La línea de la concordia / Pablo Toro

—Hay kuchen—dijo la joven—. De manzana y de pera.
     En el andén, un bus naranjo iba de salida. Adentro, las dos mujeres miraban el menú, sentadas junto a la ventana de la cafetería.
     —Solamente líquidos —dijo la robusta.
     De un lado, el sol calentaba el asfalto de la carretera. Del otro, el desierto era una fusión de colores cobrizos, recortados contra el cielo. El edificio proyectaba una sombra rectangular sobre el asfalto. Hacía mucho calor, y el bus a Arica salía en veinte minutos.
     —Dos cafés —le dijo la robusta al muchacho, que vestía un delantal blanco.
     —¿Con leche?
     —Yo sí —dijo la joven.
     —Normal —dijo la robusta.
     —Enseguida —dijo el muchacho, mirando el ojo derecho de la joven, que estaba hinchado y morado.
     —Gracias —agregó la robusta.
     Un bus de color verde musgo entró en el terminal. El muchacho volvió con una bandeja con dos tazas humeantes. Dejó un tarrito metálico en mitad de la mesa, y dos paquetes de endulzante.
     —¿Van a comer algo?
     —¿Queda kuchen de pera? —preguntó la joven.
     —Nada más, gracias —dijo la robusta, antes que el muchacho contestara.

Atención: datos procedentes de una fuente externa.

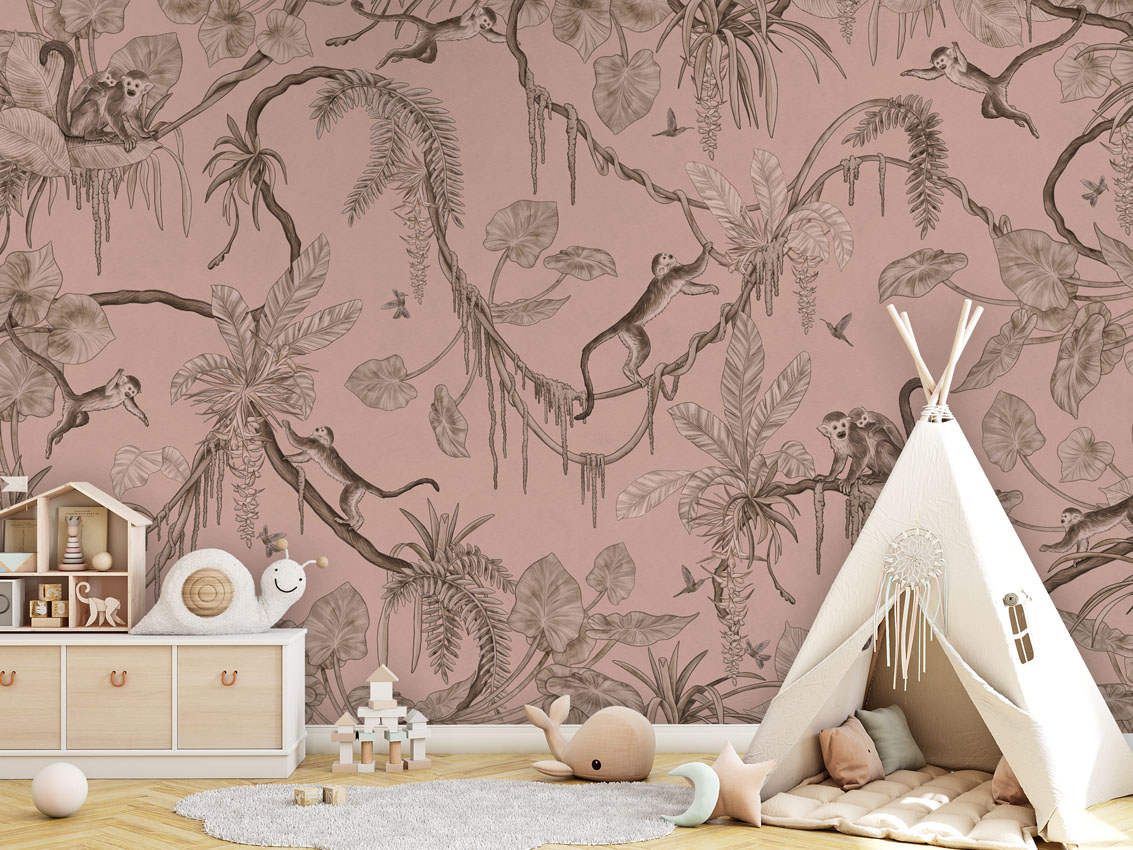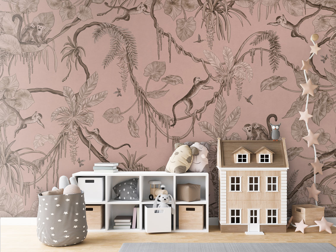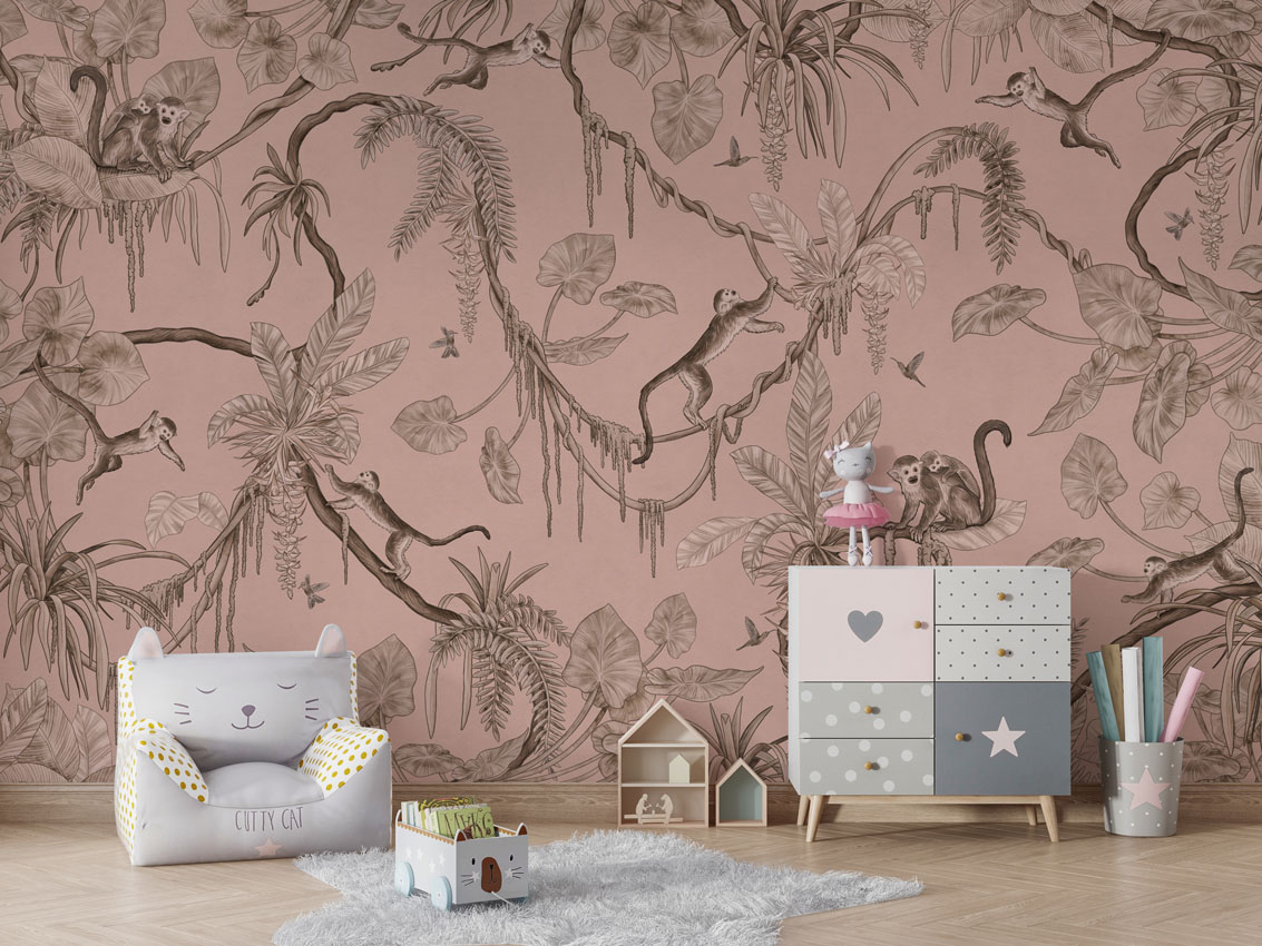 Φωτοταπετσαρία Playful Monkeys, monochrome pink – Kikki Belle 60890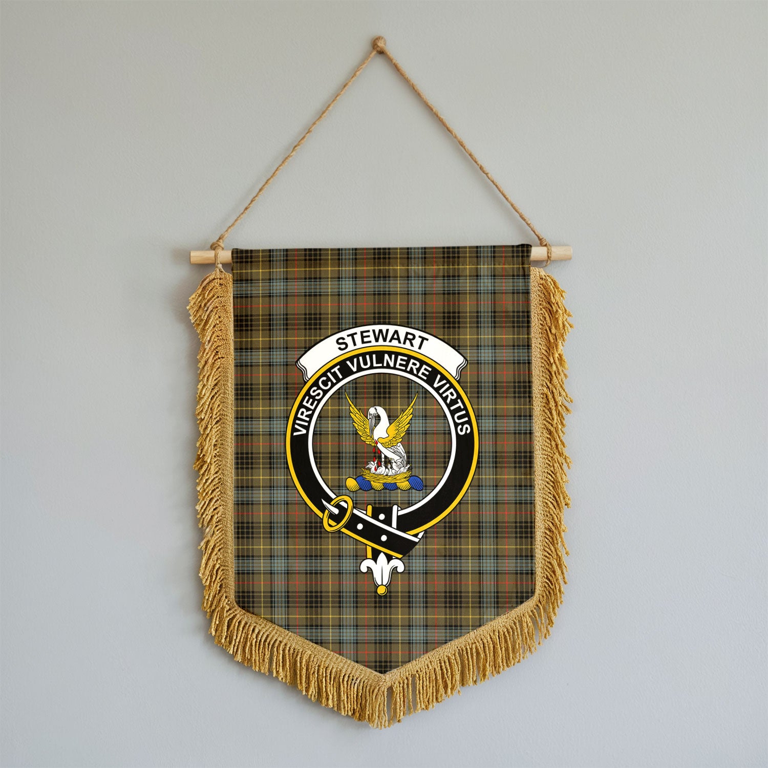 Stewart Hunting Weathered Tartan Crest Wall Hanging Banner - Wood Pole

     La joven miró por la ventana. Los pasajeros del verde musgo descendían en fila. En el andén, un perro sucio y amarillento los recibía con ladridos. La robusta sacó dos terrones de azúcar de la cajita metálica, los echó en su taza y revolvió. Abrió un paquete de endulzante y dio vuelta el contenido en el café de la joven.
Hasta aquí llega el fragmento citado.